Bundan sonra bir sürü işlemden sonra Prenses olmuştum.
Kutsal element üstüne eğitim almam gerekiyordu.Ayrıca Işık Dini için daha derin eğitimlerden geçmem gerekiyordu.
Ancak benim gibi birisi bile arkadaş edinmek isterdi.Gözüm sadece Dinde olsada bazen konuşmak için arkadaş gerekirdi.Ancak benim gibi birisin arkadaşı sadece prensesler olabilirdi.
Bu yüzden bir buluşma sırasında diğer ülkenin prensesleriyle tanıştım.En çok zaman geçirdiğim kişi ise Mira isimli Kılıç Krallığın prensesiydi.Çünkü o da benim gibi Kutsal Elementin eğitimini alıyordu.İleride ülkenin Azizesi olması isteniyordu..
Zaman geçti ve yeni bir dünya bulundu.Bu yeni dünyadan gelen bazı kişiler bizim ülkemize gelmişti ve birisi kahraman olmuştu fakat bu beni ilgilendirmiyordu.

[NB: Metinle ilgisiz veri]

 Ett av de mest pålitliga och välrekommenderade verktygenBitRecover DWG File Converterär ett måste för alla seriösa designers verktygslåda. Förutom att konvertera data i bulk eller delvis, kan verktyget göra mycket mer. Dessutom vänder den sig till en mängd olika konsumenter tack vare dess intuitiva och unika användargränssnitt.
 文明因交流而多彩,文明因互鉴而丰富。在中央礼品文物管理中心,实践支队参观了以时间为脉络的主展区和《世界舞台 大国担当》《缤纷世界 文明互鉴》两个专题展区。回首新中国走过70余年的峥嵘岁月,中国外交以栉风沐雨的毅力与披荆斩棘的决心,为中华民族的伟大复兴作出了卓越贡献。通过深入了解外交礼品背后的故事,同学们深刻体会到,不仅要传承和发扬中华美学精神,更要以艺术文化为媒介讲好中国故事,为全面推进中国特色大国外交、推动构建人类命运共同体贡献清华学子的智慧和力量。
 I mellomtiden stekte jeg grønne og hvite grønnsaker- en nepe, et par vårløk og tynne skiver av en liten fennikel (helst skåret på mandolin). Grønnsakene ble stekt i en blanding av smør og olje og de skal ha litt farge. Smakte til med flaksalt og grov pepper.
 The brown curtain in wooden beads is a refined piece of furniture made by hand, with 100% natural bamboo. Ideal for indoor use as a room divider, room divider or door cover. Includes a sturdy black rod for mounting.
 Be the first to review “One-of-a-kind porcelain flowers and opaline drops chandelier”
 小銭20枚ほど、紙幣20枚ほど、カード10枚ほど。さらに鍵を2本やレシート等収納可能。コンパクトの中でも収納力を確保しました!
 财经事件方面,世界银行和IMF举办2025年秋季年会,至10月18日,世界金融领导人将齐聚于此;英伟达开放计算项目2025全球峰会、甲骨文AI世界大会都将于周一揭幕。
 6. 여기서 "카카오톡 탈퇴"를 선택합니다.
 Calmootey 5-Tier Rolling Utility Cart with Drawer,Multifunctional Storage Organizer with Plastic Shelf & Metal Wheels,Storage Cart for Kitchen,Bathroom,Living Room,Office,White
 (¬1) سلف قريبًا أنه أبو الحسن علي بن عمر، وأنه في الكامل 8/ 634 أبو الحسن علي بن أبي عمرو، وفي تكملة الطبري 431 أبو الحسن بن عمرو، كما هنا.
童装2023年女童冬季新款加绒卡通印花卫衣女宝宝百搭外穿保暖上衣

Aynı zamanda bu yeni gelen dünyaya bir Ülke kurmak için toprakta verdiler.Tam 7 Milyar kişiydiler fakat Dünyamızın toprak büyüklüğü çok fazlaydı.7 Milyar kişiyi karşılayabilirdi.
Bu ülkenin prensesi onların dünyasında ''Japon''denen bir kızdı.İsmi Sakura Yui'ydi ve çok güzel bir kızdı.
Sakura ile bir süre konuştuktan sonra iyi anlaşmıştık.O kendi Dünyasını anlatıyor bende bu dünyayı anlatıyordum.
Bir gün Sakura Usta-Düşük seviyeye geçti fakat bir ruhu yoktu.Bu yüzden Mana Ruhu üretememişti.
Bu yüzden prenseslerle toplanıp Ruhlar diyarına gitme fikri aldık.Ancak yolda Şeytanların saldırısına uğradık
Şeytanlarla savaşırkan Scarlett hariç ben en vahşi olandım.Hiçbirine acımıyordum.Ancak bu kazanacağımız anlamına gelmiyordu.Savaş bizim kaybımıza doğru gidiyordu.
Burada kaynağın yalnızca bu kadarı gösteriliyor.